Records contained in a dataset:
========

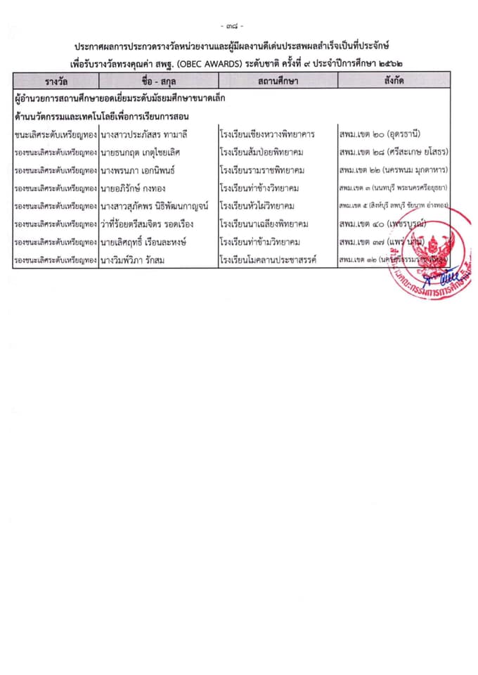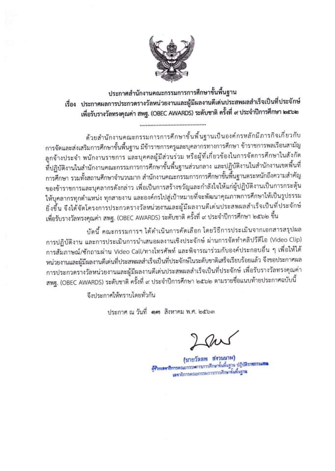ผลการประกวดรางวัลหน่วยงานและผู้มีผลงานดีเด่นประสพผลสำเร็จเป็นประจักษ์ เพื่อรับรางวัลทรงคุณค่า สพฐ. (OBEC AWARDS) ระดับชาติ ครั้งที่ 9 ประจำปีการศึกษา 2562
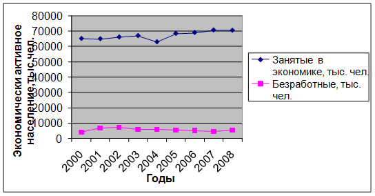 Рисунок 10- Динамика экономически активного населения в Российской Федерации за 2000-2008 г.г.
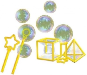 Set voor het maken van gigantische bellen. Bevat een handleiding voor het maken van je eigen oplossing en hulpmiddelen voor verschillende trucs met bellen.
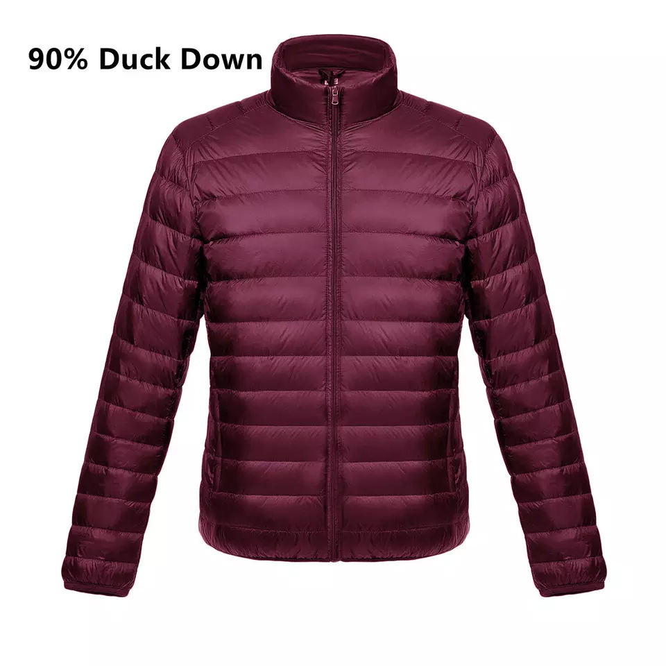 Wholesale Men's Nylon Black Hooded Winter Puffer Jackets Custom Logo Outdoor Warm Duck Feather Bubble Puff Filled Zipper Closure
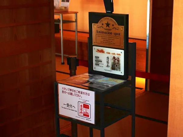 箱館奉行所の入口右手には、「薄桜鬼 真改」のアニメ聖地認定プレートとリーフレットを設置。ご朱印スタンプは入口左手の受付カウンターにあります(要入館料)。
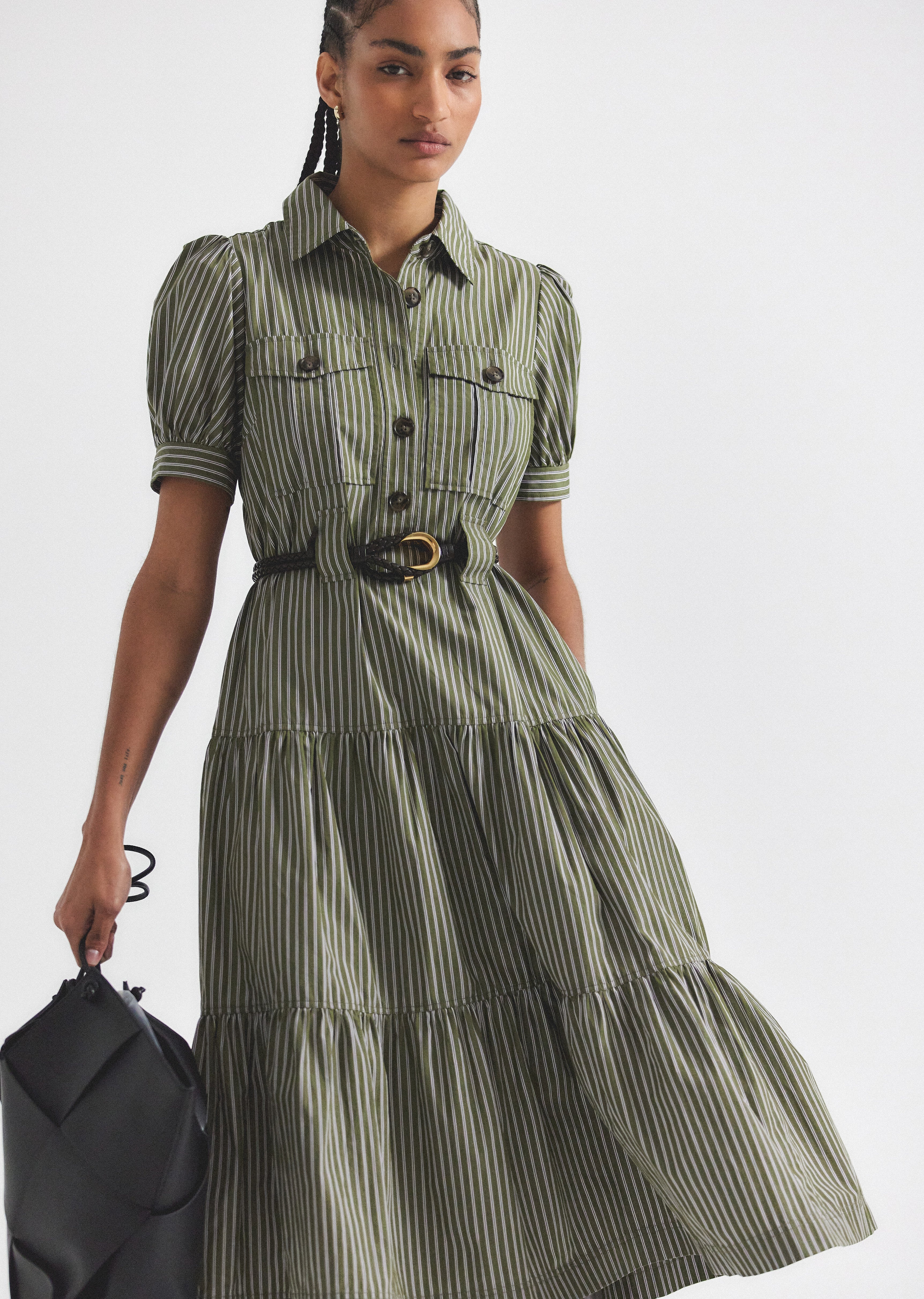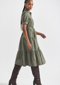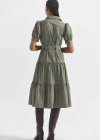 The Buffy Utility Dress in 100% cotton features two front cargo pockets on the chest with large buttons down the front and a relaxed body. Cinch the adjustable self-belt for a more pronounced waist shape. The long-tiered silhouette is cut from a cotton poplin that falls to the ankle. It is finished with puff sleeves and a collared neckline. SKU: TR525157CSS - 100% Cotton - Imported SIZE & FIT Model is wearing a size 2. Height 5’10” / Bust 33'' 1/2 / Waist 25'' / Hips 34'' 1/2 This style runs true to size. FEATURES & DETAILS - Dry clean
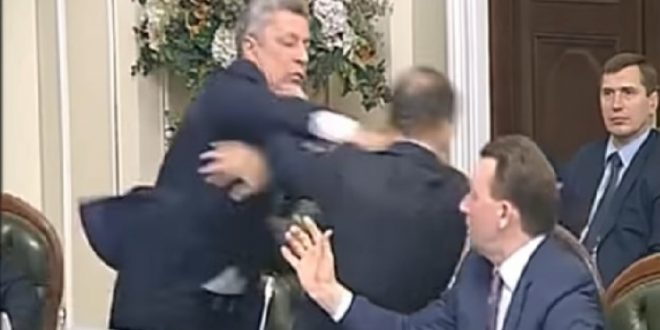 تحول مقر البرلمان الأوكراني إلى ما يشبه حلبة الملاكمة إثر اشتباك عنيف بالأيدي، أظهر خلاله زعيم كتلة المعارضة مهارات بارزة في فن القتال وفق ما علق ناشطون الذين تناقلوا مقطع فيديو ظهر فيه يوجه لكمة قوية إلى زعيم الحزب الراديكالي.

========

Here the records must be restated exactly, minus any images.

ผลการประกวดรางวัลหน่วยงานและผู้มีผลงานดีเด่นประสพผลสำเร็จเป็นประจักษ์ เพื่อรับรางวัลทรงคุณค่า สพฐ. (OBEC AWARDS) ระดับชาติ ครั้งที่ 9 ประจำปีการศึกษา 2562
 Рисунок 10- Динамика экономически активного населения в Российской Федерации за 2000-2008 г.г.
 Set voor het maken van gigantische bellen. Bevat een handleiding voor het maken van je eigen oplossing en hulpmiddelen voor verschillende trucs met bellen.
 Wholesale Men's Nylon Black Hooded Winter Puffer Jackets Custom Logo Outdoor Warm Duck Feather Bubble Puff Filled Zipper Closure
 箱館奉行所の入口右手には、「薄桜鬼 真改」のアニメ聖地認定プレートとリーフレットを設置。ご朱印スタンプは入口左手の受付カウンターにあります(要入館料)。
 The Buffy Utility Dress in 100% cotton features two front cargo pockets on the chest with large buttons down the front and a relaxed body. Cinch the adjustable self-belt for a more pronounced waist shape. The long-tiered silhouette is cut from a cotton poplin that falls to the ankle. It is finished with puff sleeves and a collared neckline. SKU: TR525157CSS - 100% Cotton - Imported SIZE & FIT Model is wearing a size 2. Height 5’10” / Bust 33'' 1/2 / Waist 25'' / Hips 34'' 1/2 This style runs true to size. FEATURES & DETAILS - Dry clean
 تحول مقر البرلمان الأوكراني إلى ما يشبه حلبة الملاكمة إثر اشتباك عنيف بالأيدي، أظهر خلاله زعيم كتلة المعارضة مهارات بارزة في فن القتال وفق ما علق ناشطون الذين تناقلوا مقطع فيديو ظهر فيه يوجه لكمة قوية إلى زعيم الحزب الراديكالي.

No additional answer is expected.